Greets,
(I'm cc'ing this to lucy-dev@lucene.apache.org, because I think Lucy
should follow the same design principles described in this post.)
KinoSearch is spinning off a few modules, to cut down on the core size
and complexity. For the present time, they will continue to be
distributed with the KinoSearch tarball, but eventually they will
become separate distributions.
KinoSearch::Search::SearchServer and KinoSearch::Search::SearchClient
have moved to KSx::Remote::SearchServer and
KSx::Remote::SearchClient. Eventually, they will be distributed under
KSx::Remote.
The rationale for breaking out SearchServer/SearchClient is that there
are many ways to have machines interconnect; the Socket/faked-up-rpc
approach taken by SearchClient/SearchServer, the XML approach used by
Solr, etc. For core, it is only crucial that the messages that have
to be sent over the network be serializable using *some* technique --
it's not important what technique is chosen.
The other spinoff is Filter. KinoSearch::Search::Filter,
KinoSearch::Search::QueryFilter, and KinoSearch::Search::PolyFilter
have all been removed; their functionality is now encapsulated in
KSx::Search::Filter, which has been refactored as a subclass of
Query. The last filter subclass, KinoSearch::Search::RangeFilter, has
been replaced by a new core class, KinoSearch::Search::RangeQuery
(which behaves similarly to Lucene's ConstantScoringRangeQuery with a
fixed score of 0).
The standard KS search methods no longer take a 'filter' argument.

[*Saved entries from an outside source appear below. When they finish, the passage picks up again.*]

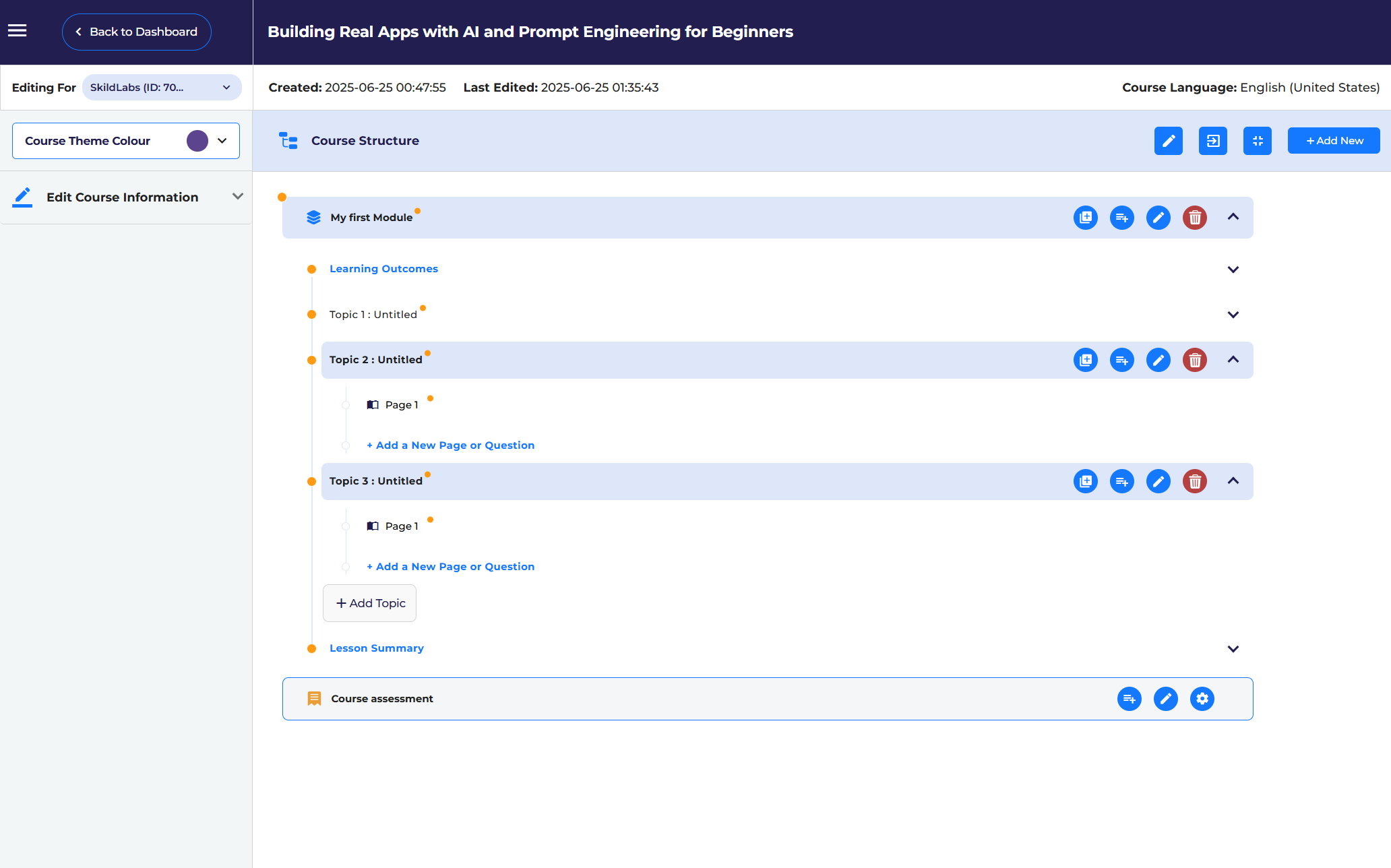 learning management systems planning course development artificial intelligence instructional designThe goal of this project is to develop an eLearning course (from provided detailed documentation) using AI tools and author it into an LMS platform. SkildLabs aims to leverage AI technologies like Synthesia to create engaging and interactive course content.
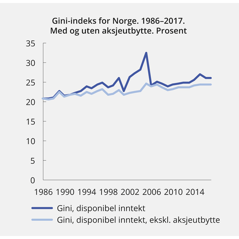 Figur 2.6 viser utviklingen i Gini-indeksen for disponibel husholdningsinntekt for Norge fra 1986 til 2017. Det fremgår av figuren at det var en sterk oppgang i Gini-indeksen for disponibel inntekt frem mot 2005, etterfulgt av en kraftig nedgang. En lignende, men svakere tendens er synlig rundt 2015. Det er nærliggende å se disse svingningene som resultater av tilpasninger til endringer i den skattemessige behandlingen av utbytte, som ga sterke insentiver til å ta ut utbytte i 2005 og 2015. Flytting av kapital fra selskap til eier gir utslag i Gini-koeffisienten for inntekt, til tross for at slik kapitalflytting ikke har en innvirkning på den reelle inntekts- og formuesfordelingen. Når utbetalingene av utbytte ikke tas med, har inntektsfordelingen vært langt mer stabil, men også i dette tilfellet indikerer Gini-indeksen at ulikheten har steget gjennom perioden. Vi ser også at begge seriene viser noen mindre svingninger fra år til år, trolig knyttet til konjunkturbevegelser og andre tilfeldige forhold.
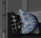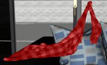 My second try was pulling the knot area with the mesh grabber a lot closer to the furniture so that the rest catches up and they kind of drape together.
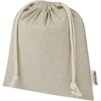 Torba upominkowa wykonana z bawełny z recyklingu z certyfikatem GRS z zamknięciem na sznurek bawełniany. Idealna do prezentów lub przechowywania przedmiotów. Wymiary: 25 x 30 cm.
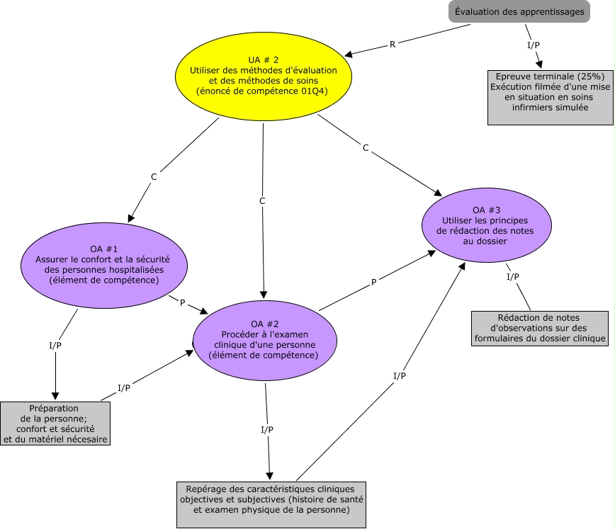 Cette carte de concepts créée avec IHMC CmapTools traite de: UA_2, OA #2 Procéder à l'examen clinique d'une personne (élément de compétence) P OA #3 Utiliser les principes de rédaction des notes au dossier, OA #3 Utiliser les principes de rédaction des notes au dossier I/P Rédaction de notes d'observations sur des formulaires du dossier clinique, UA # 2 Utiliser des méthodes d'évaluation et des méthodes de soins (énoncé de compétence 01Q4) C OA #3 Utiliser les principes de rédaction des notes au dossier, OA #2 Procéder à l'examen clinique d'une personne (élément de compétence) I/P Repérage des caractéristiques cliniques objectives et subjectives (histoire de santé et examen physique de la personne), Repérage des caractéristiques cliniques objectives et subjectives (histoire de santé et examen physique de la personne) I/P OA #3 Utiliser les principes de rédaction des notes au dossier, Préparation de la personne; confort et sécurité et du matériel nécesaire I/P ????, UA # 2 Utiliser des méthodes d'évaluation et des méthodes de soins (énoncé de compétence 01Q4) C OA #2 Procéder à l'examen clinique d'une personne (élément de compétence), OA #1 Assurer le confort et la sécurité des personnes hospitalisées (élément de compétence) P OA #2 Procéder à l'examen clinique d'une personne (élément de compétence), UA # 2 Utiliser des méthodes d'évaluation et des méthodes de soins (énoncé de compétence 01Q4) C OA #1 Assurer le confort et la sécurité des personnes hospitalisées (élément de compétence), OA #1 Assurer le confort et la sécurité des personnes hospitalisées (élément de compétence) I/P Préparation de la personne; confort et sécurité et du matériel nécesaire, Évaluation des apprentissages I/P Epreuve terminale (25%) Exécution filmée d'une mise en situation en soins infirmiers simulée

Here's the new Filter API in action:
my %category_filters;
for my $category (qw( sweet sour salty bitter )) {
my $cat_query = KinoSearch::Search::TermQuery->new(
field => 'category',
term => $category,
);
$category_filters{$category} = KSx::Search::Filter->new(
query => $cat_query,
);
}
while ( my $cgi = CGI::Fast->new ) {
my $user_query = $cgi->param('q');
my $filter = $category_filters{$cgi->param('category')};
my $and_query = KinoSearch::Search::ANDQuery->new;
$and_query->add_child($user_query);
$and_query->add_child($filter);
my $hits = $searcher->search( query => $and_query );
...
Filter is moving outside of core because it is essentially nothing
more a caching optimization. Logically, the following code would
produce exactly the same results as the code above:
while ( my $cgi = CGI::Fast->new ) {
my $user_query = $cgi->param('q');
my $category_query = KinoSearch::Search::TermQuery->new(
field => 'category',
term => $cgi->param('category'),
);
$category_query->set_boost(0);
my $and_query = KinoSearch::Search::ANDQuery->new;
$and_query->add_child($user_query);
$and_query->add_child($category_query);
my $hits = $searcher->search( query => $and_query );
...
The only significant differences are that the Filter only runs the
query once, and that it can't be serialized and sent over the network
in a search cluster (because the search results are cached in a
BitVector which is too big to send).
Lucene provides classes called RemoteCachingWrapperFilter and
FilterManager that address the problem of filter caching in search
clusters, and whose functionality might eventually end up in either
KSx::Remote or KSx::Search::Filter. Again, though, they are caching
optimizations with serialization limitations and as such belong
outside of core.
I thought about keeping Filter as an abstract base class, and putting
the actual functionality into KSx::Search::QueryFilter or something
like that. However, after reviewing the various Filter subclasses in
both Lucene's core and contrib, it looked to me as though nearly all
of them (all except for the SpanFilter subclasses which would need to
be different anyway) could be realized using either ordinary Queries
or Queries in conjunction with this new implementation of Filter.
Marvin Humphrey
Rectangular Research
http://www.rectangular.com/
_______________________________________________
KinoSearch mailing list
KinoSearch@rectangular.com
http://www.rectangular.com/mailman/listinfo/kinosearch
(I'm cc'ing this to lucy-dev@lucene.apache.org, because I think Lucy
should follow the same design principles described in this post.)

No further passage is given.